(Reuters) - Husky Energy Inc (HSE.TO), Canada’s No. 3 integrated oil company, reported a smaller-than-expected quarterly loss on Friday as its focus on fewer, more efficient resource plays helped reduce production costs.
The strong results sent shares up 2.66 percent to C$15.83 on the Toronto Stock Exchange, even as the Calgary-based company rushed to clean up after oil spilled into a major western Canadian river on Thursday.
Production operating costs fell about 12 percent to $10.79 per barrel in the second quarter from a year earlier, as the company benefits from its six-year-long effort to transform its business by investing in projects with lower costs.
By year’s end, more than 40 percent of the company’s output is expected to come from low break-even projects, up from just 8 percent in 2010, when it began the turnaround, Husky said in June.
The company also has sold non-core assets, including royalty interests in Western Canada, for about C$1.2 billion.
Speaking on an analyst call, chief financial officer Jon McKenzie said the company had closed a few small asset sales in July but bulk of its deals were done for now.

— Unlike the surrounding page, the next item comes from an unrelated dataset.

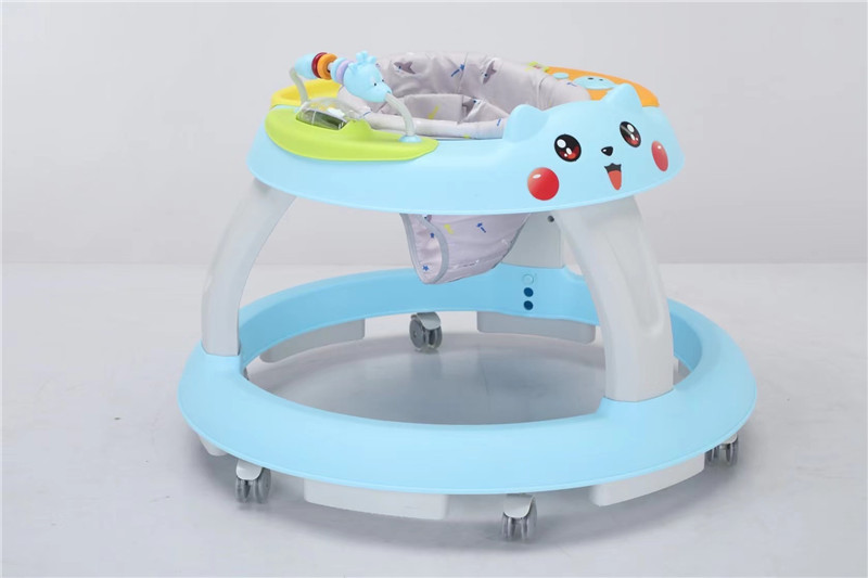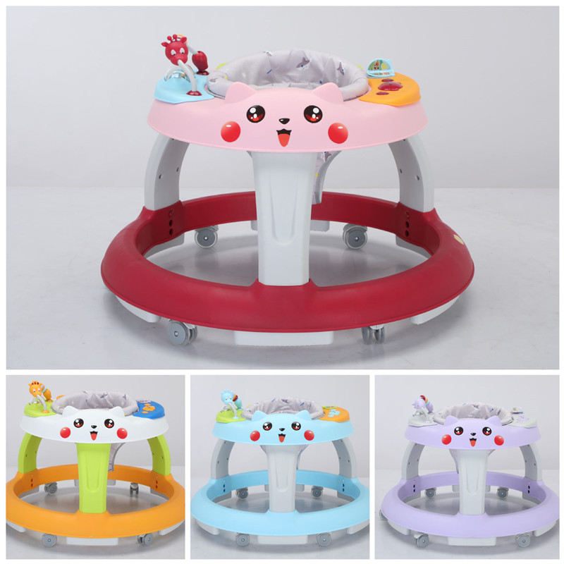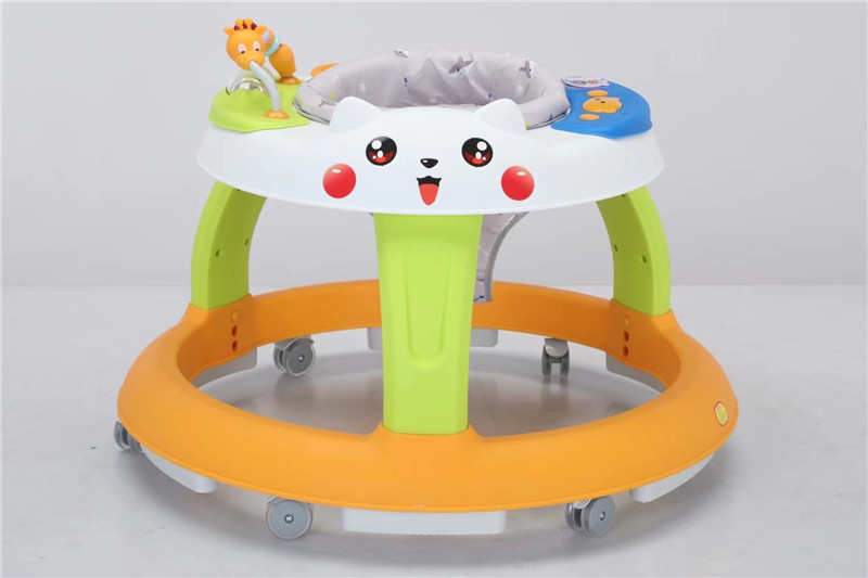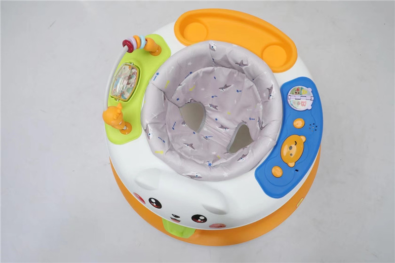 材质:塑料适用年龄:6-12个月,1-3岁,0-6个月功能:有音乐1.静音轮2.坐垫360⁰旋转3.下盘防跌落4.三挡调节5.带音乐

“We said at the beginning of this program this wouldn’t be a fire sale,” he said. “If the market changes and allows us to further restructure, we’d consider it but the bulk of the heavy lifting is now behind us.”
Husky’s total production fell about 6 percent to 316,000 barrels of oil equivalent per day (boepd) in the three months ended June due to planned maintenance and the Fort McMurray wildfire in Alberta.
The company said its Sunrise Energy Project was running at roughly the same level as before the fire and said it expects annual production at the low end of its forecast 315,000-345,000 boepd.
Cash flow from operations more than halved to C$488 million in the latest quarter.
Husky reported a loss of C$196 million, or 20 Canadian cents per share, compared with a profit of C$120 million, or 10 Canadian cents per share, a year earlier.
Excluding items, the company’s loss was 9 Canadian cents per share, according to Thomson Reuters I/B/E/S. Analysts’ on average had estimated a loss of 21 Canadian cents per share.
Overall earnings break-even is expected to be sub-$40 WTI by the end of 2016, the company said. U.S. benchmark crude CLc1 was trading down 2.17 percent at $43.78 on Friday.